Your task →
Take nothing but the lines from the one with "中新社發(fā) 田猛 攝" through the one with "(3)计划生育医疗费:女职工" in the entries below, both ends kept, and return them exactly with pictures left out.

Data excerpts →
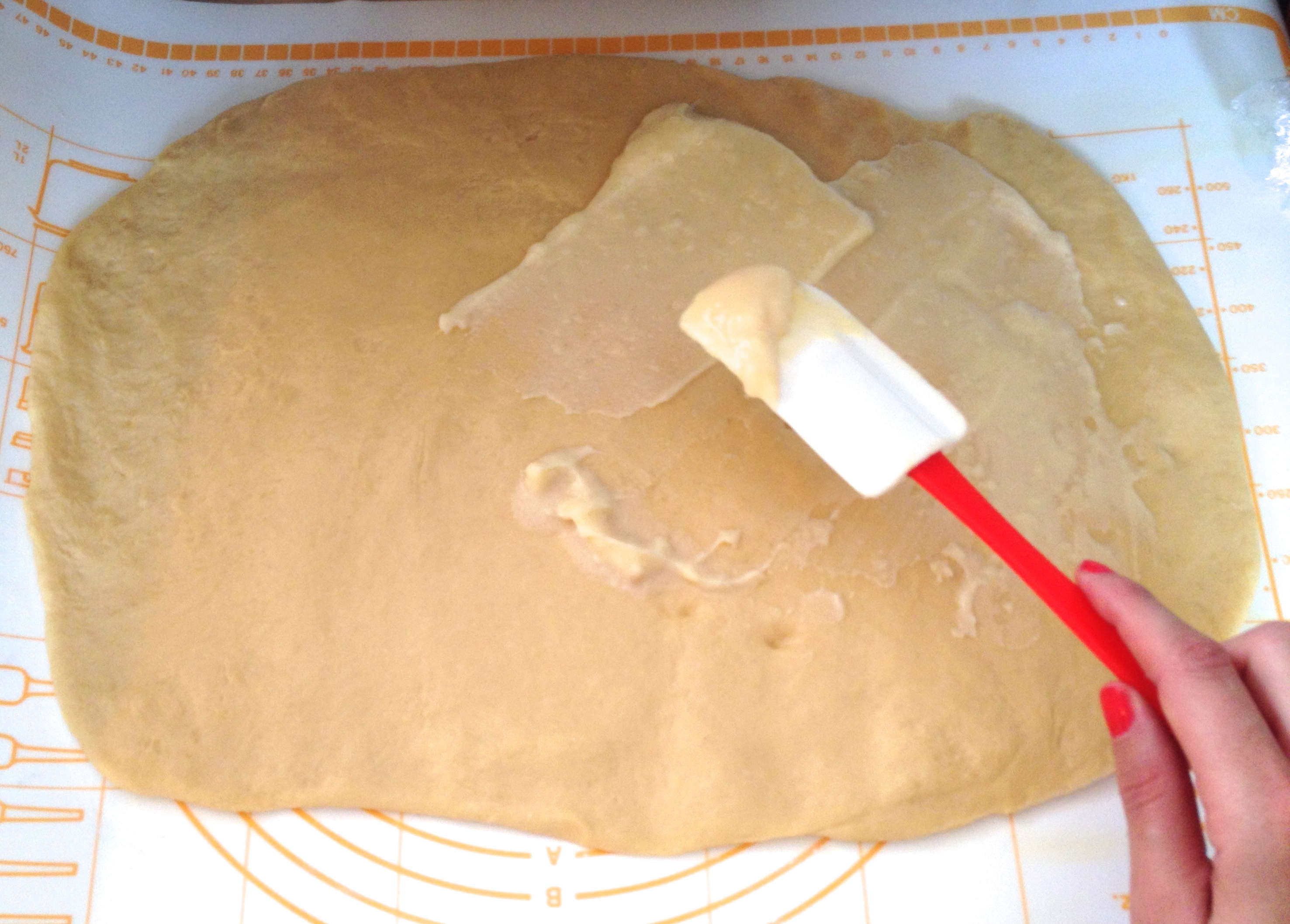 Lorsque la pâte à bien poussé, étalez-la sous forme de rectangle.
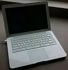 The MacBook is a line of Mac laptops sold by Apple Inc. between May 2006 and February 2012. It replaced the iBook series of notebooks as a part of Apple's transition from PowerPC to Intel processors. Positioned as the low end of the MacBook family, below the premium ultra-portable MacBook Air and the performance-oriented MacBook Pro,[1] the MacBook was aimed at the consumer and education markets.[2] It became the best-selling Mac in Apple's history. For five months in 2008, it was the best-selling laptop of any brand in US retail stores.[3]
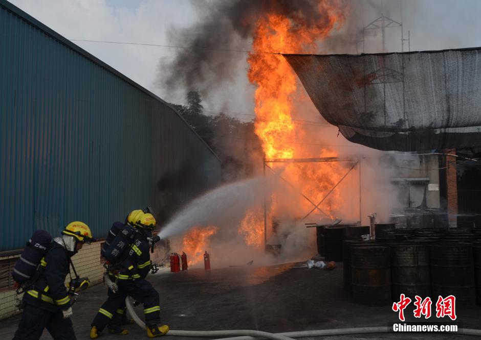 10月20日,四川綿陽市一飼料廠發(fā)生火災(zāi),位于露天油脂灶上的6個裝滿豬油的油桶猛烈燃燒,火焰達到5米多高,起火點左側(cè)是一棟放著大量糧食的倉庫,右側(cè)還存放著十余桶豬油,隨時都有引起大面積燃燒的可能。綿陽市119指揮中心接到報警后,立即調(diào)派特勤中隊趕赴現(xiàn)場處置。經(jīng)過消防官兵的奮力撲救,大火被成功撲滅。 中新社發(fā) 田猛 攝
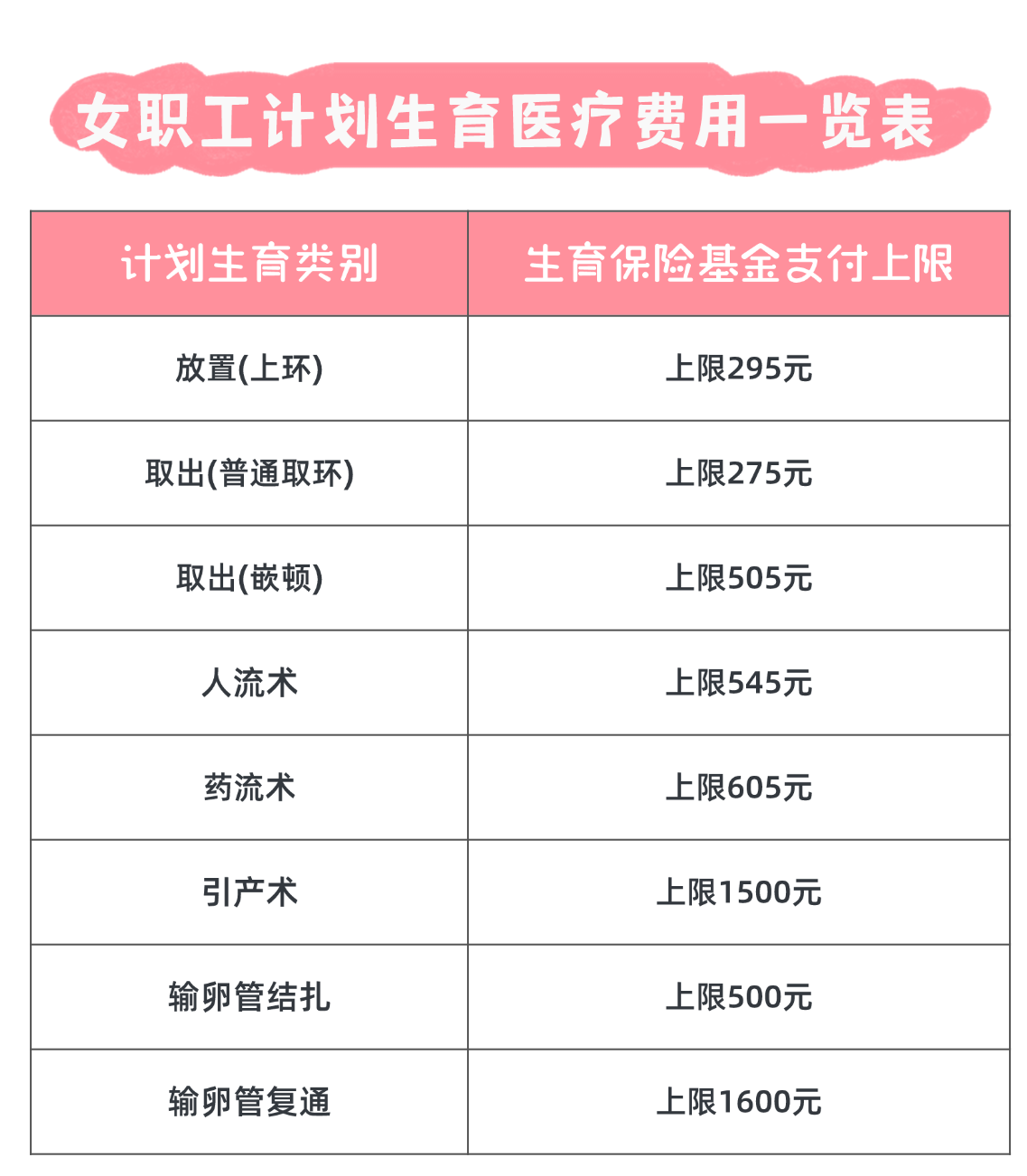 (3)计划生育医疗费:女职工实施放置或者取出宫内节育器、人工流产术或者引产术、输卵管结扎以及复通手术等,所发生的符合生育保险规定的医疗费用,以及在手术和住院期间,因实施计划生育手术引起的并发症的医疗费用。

* * *

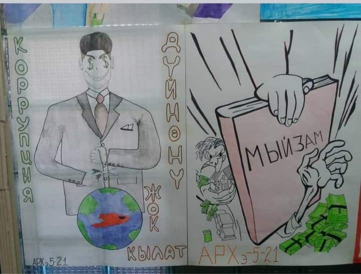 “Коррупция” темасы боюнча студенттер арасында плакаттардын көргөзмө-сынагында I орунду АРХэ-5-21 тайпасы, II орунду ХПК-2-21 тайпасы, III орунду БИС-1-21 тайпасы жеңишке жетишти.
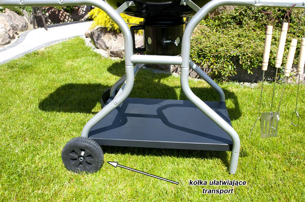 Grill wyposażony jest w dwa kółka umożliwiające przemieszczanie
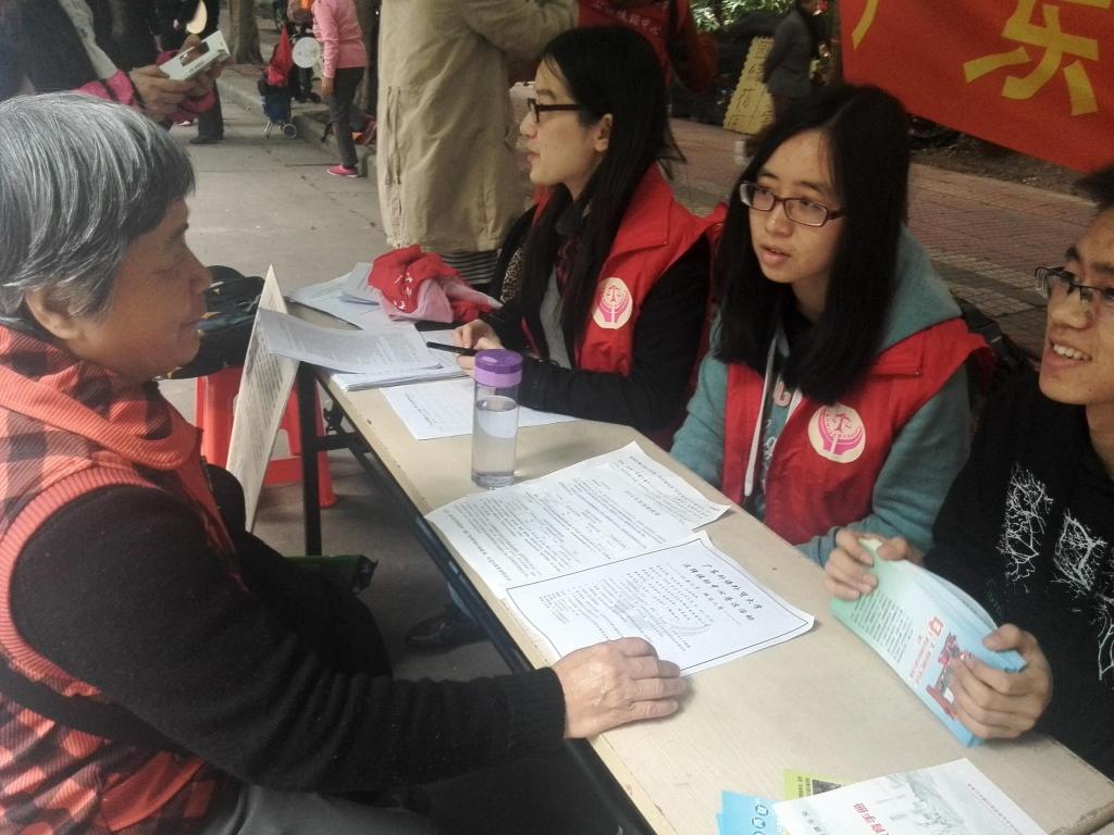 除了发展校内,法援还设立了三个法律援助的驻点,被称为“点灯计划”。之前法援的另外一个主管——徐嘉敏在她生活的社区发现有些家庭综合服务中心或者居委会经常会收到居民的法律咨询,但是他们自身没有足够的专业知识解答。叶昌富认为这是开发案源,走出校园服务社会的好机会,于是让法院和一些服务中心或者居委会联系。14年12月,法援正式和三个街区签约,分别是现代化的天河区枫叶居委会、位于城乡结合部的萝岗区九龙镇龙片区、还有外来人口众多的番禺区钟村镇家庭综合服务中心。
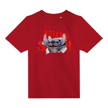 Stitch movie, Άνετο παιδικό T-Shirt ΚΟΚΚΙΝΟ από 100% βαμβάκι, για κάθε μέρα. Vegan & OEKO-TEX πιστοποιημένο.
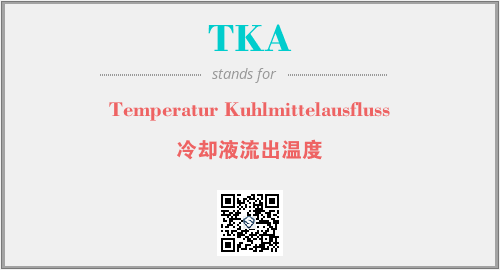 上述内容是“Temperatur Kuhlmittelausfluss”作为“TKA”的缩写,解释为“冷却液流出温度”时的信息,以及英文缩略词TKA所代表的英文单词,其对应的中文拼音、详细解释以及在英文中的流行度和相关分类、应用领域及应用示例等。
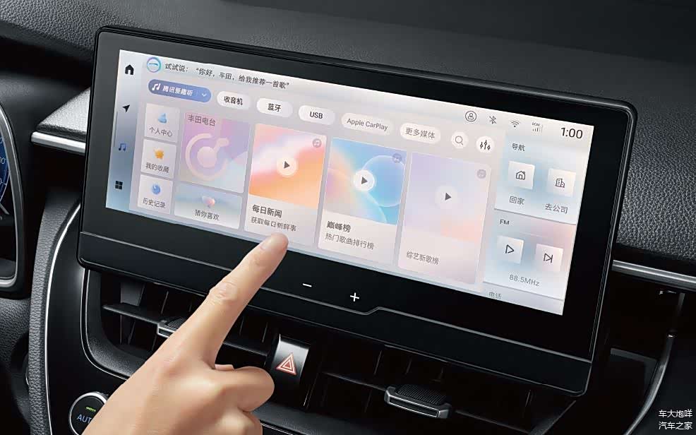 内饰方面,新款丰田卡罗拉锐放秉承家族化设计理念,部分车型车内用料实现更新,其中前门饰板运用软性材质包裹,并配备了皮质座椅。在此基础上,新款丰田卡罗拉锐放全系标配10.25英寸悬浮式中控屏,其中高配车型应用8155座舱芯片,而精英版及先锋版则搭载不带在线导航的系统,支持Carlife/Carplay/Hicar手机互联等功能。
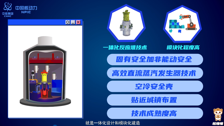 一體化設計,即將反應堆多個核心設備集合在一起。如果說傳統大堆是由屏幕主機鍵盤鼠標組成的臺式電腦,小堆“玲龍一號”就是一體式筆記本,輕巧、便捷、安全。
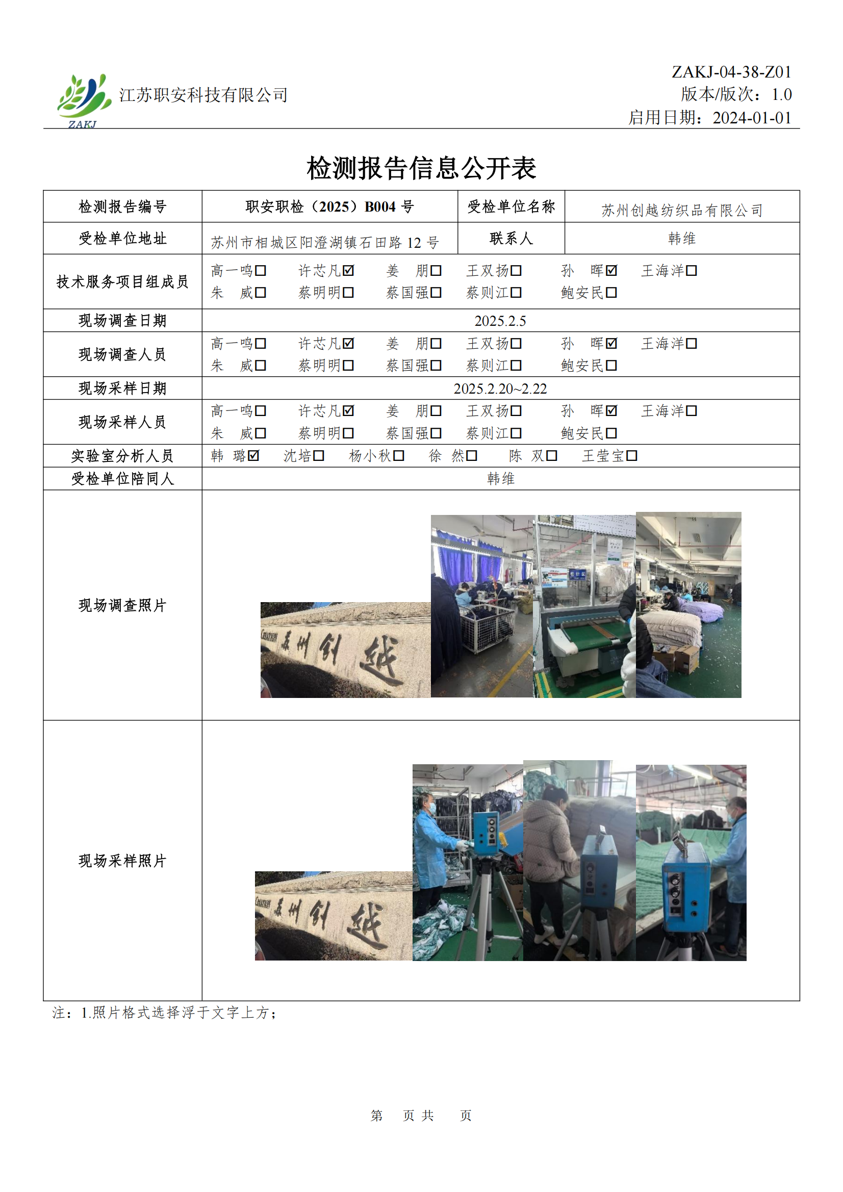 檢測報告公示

Answer for this exercise →
 10月20日,四川綿陽市一飼料廠發(fā)生火災(zāi),位于露天油脂灶上的6個裝滿豬油的油桶猛烈燃燒,火焰達到5米多高,起火點左側(cè)是一棟放著大量糧食的倉庫,右側(cè)還存放著十余桶豬油,隨時都有引起大面積燃燒的可能。綿陽市119指揮中心接到報警后,立即調(diào)派特勤中隊趕赴現(xiàn)場處置。經(jīng)過消防官兵的奮力撲救,大火被成功撲滅。 中新社發(fā) 田猛 攝
 (3)计划生育医疗费:女职工实施放置或者取出宫内节育器、人工流产术或者引产术、输卵管结扎以及复通手术等,所发生的符合生育保险规定的医疗费用,以及在手术和住院期间,因实施计划生育手术引起的并发症的医疗费用。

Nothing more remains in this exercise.